"Todos aqui já foram vacinados, menos o senhor".

Covid-19: “Todos aqui já foram vacinados, menos o senhor.”

“Todos aqui já foram vacinados, menos o senhor”. Não é a primeira vez que António, 77 anos, ouve, com sentimento de injustiça, esta indicação. No dia 28 de janeiro, quando se preparava para o seu tratamento habitual de hemodiálise, e questionou a equipa clínica sobre a data de vacinação, foi esta a resposta que obteve. Tomou então conhecimento de que, além dos médicos do centro, também os seus colegas doentes em hemodiálise tinham completado a vacinação contra a covid-19. Estes doentes, que necessitam de ir aos centros de hemodiálise três vezes por semana e que são transportados em conjunto, foram considerados prioritários, na sequência dos dados das clínicas de diálise, reportados pela Sociedade Portuguesa de Nefrologia: à data (nas últimas semanas, antes da vacinação urgente) a mortalidade nestes pacientes tinha multiplicado por sete.

A segunda vez que António recebeu a mesma mensagem foi por telefone, desta vez enquanto médico no Instituto de Cardiologia Preventiva, onde dá consultas: “‘todos já foram vacinados, médicos, psicólogos, auxiliares. O seu nome também foi comunicado, mas….’, disseram-me, com surpresa”. António Andrade Sousa, doente em hemodiálise, asmático, cistectomizado por cancro da bexiga, e médico, não pode ainda ser vacinado – “nem tenho dia marcado”, sublinha – visto que a norma da Direção-Geral da Saúde (DGS) não permite até ao momento atual a vacinação de pessoas que já tenham tido Covid-19. António considera uma injustiça. E não está sozinho nesta batalha.

Há dias, a Ordem dos Médicos apelou à DGS para a revisão da norma que impede a vacinação das pessoas que já estiveram infetadas com SARS-CoV-2 (o vírus que provoca a Covid-19), especialmente profissionais de saúde. A Ordem destaca o “risco acrescido que estes colegas têm, já que a imunidade não é de todo garantida de forma igual e não sabemos o seu limite temporal”, fazendo referência aos “muitos estudos” que “apontam para a vantagem de vacinar quem já esteve doente (com pelo menos uma dose)”.
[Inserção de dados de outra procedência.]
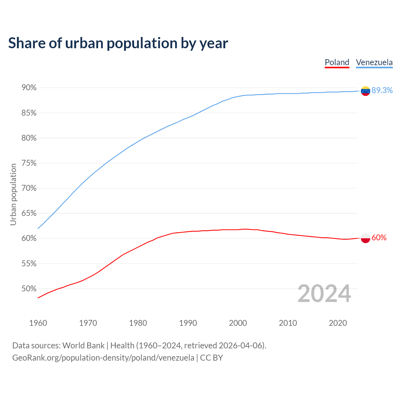 From 2004 to 2024, the share of urban population changed from 61.7% to 60% in Poland and from 88.6% to 89.3% in Venezuela.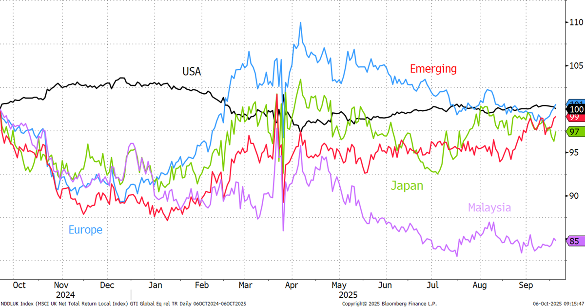 Our guest market this week is Malaysia, which led the increase in trend classification this week, meaning it had more improving trends than deteriorating trends – a net winner. Emerging markets and Europe are a little stronger, but the main observation is that the major markets continue to trade in a tight pack. With a new prime minister, Japan is the great hope.

Além de Portugal, apenas a Islândia ainda não está a incluir nas suas campanhas de vacinação as pessoas que estiveram previamente infetadas com o novo coronavírus. Os restantes países europeus têm optado, de acordo com o Centro Europeu de Prevenção e Controlo das Doenças (ECDC), por duas estratégias: A primeira é dar apenas uma dose, como se faz em sete países, inclusive Itália e Espanha. A outra opção, escolhida pela maioria dos países analisados (15), como a Alemanha e a Bélgica, tem sido vacinar por completo estas pessoas.

António considera que é preciso levantar a questão nesta “fase surrealista da saúde portuguesa”. E chama a atenção para a evidência científica: “o risco de reinfeção é real”.

António foi diagnosticado com Covid-19 em Março 2020, alegadamente na sequência de um surto na clínica onde fazia tratamento de hemodiálise. A esposa, única pessoa da família com quem mantém desde então contacto mais próximo e regular e que depende do seu apoio, não chegou a fazer o teste. Ambos foram doentes assintomáticos. Cerca de cinco meses depois, realizaram testes serológicos (que permitem avaliar a presença de anticorpos específicos para o vírus SARS-CoV-2) e os resultados foram negativos.

Em nome dos doentes que se encontram na mesma situação que a sua, já endereçou cartas a várias entidades como Ministério da Saúde e DGS. Apenas a Ordem dos Médicos respondeu. “A batalha continua. A esperança também. Estamos a falar de doentes fragilizados – vamos deixá-los morrer?”.